Task goal — Starting at the line that contains "合(6画)同(6画)会(13画)社(8画) 知(8画)加(5画)子(3画)", transcribe each line through the end of the material below, exactly and nothing else, leaving out the pictures.

(Raw data begins)

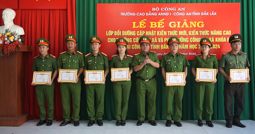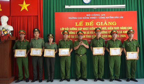 Ngày 26/3/2024, Công an tỉnh Đắk Lắk đã phối hợp với Trường Cao đẳng ANND I tổ chức Lễ bế giảng lớp Bồi dưỡng cập nhật kiến thức mới, kiến thức nâng cao cho Trưởng Công an xã và Phó Trưởng Công an xã thuộc Công an tỉnh Đắk Lắk năm 2024.
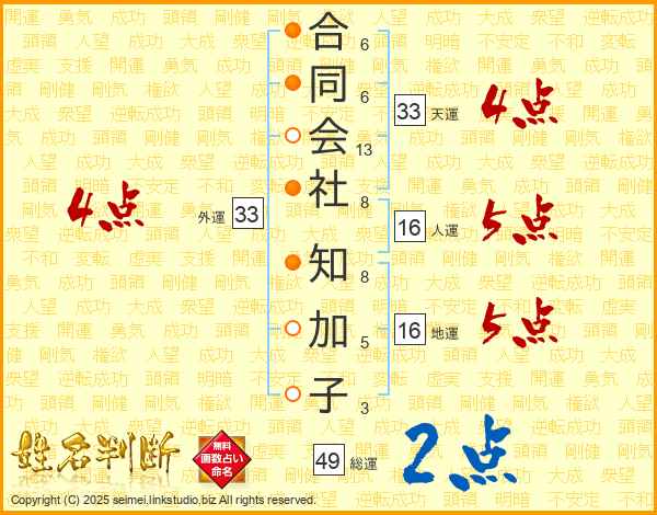合(6画)同(6画)会(13画)社(8画) 知(8画)加(5画)子(3画)
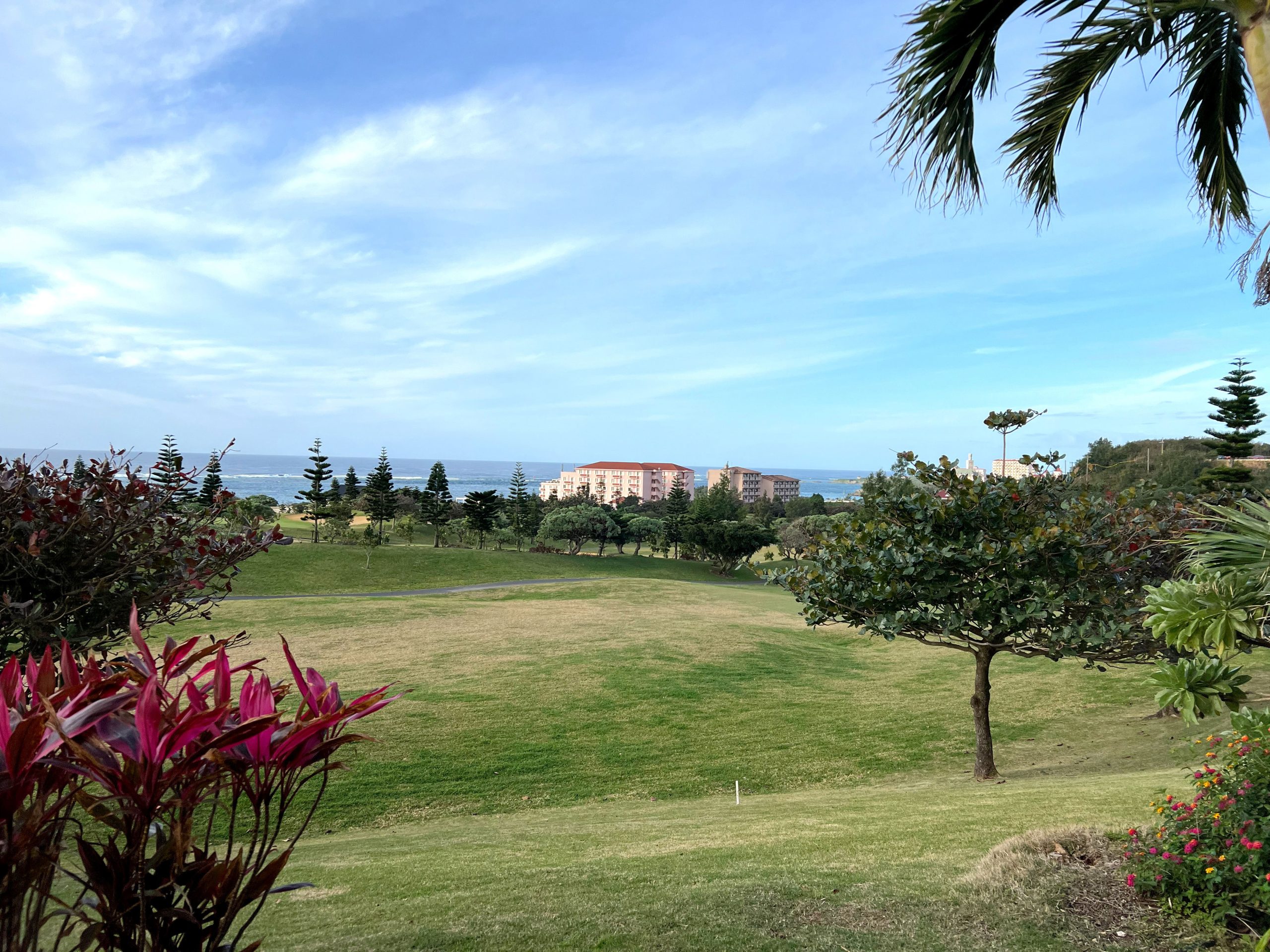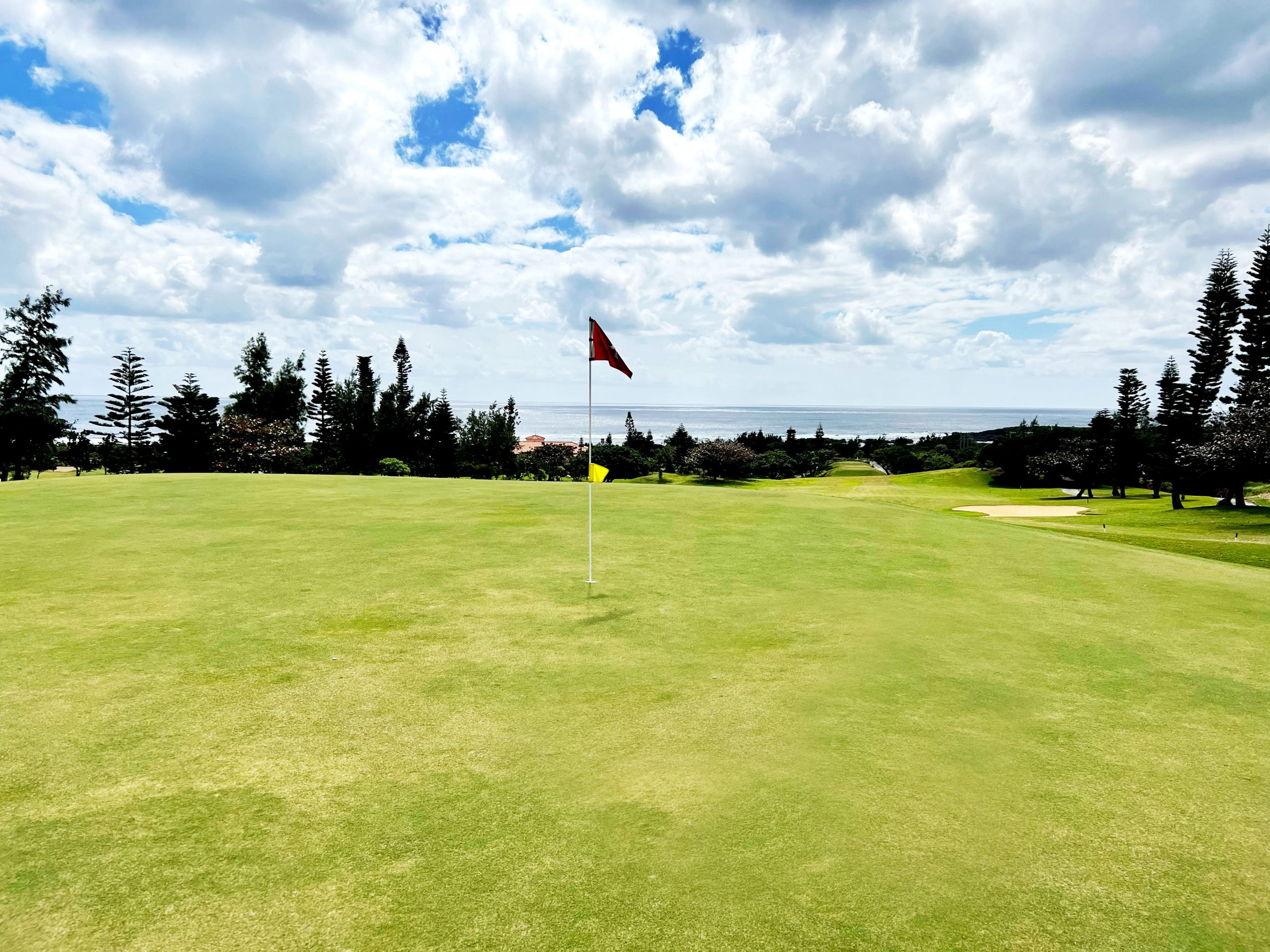 気温は穏やかで、芝の状態も非常に良好。宮古島の天候は変わりやすいので、ウインドブレーカーを1枚持参しておいて大正解でした。

(Raw data ends)

Answer area —
合(6画)同(6画)会(13画)社(8画) 知(8画)加(5画)子(3画)
 気温は穏やかで、芝の状態も非常に良好。宮古島の天候は変わりやすいので、ウインドブレーカーを1枚持参しておいて大正解でした。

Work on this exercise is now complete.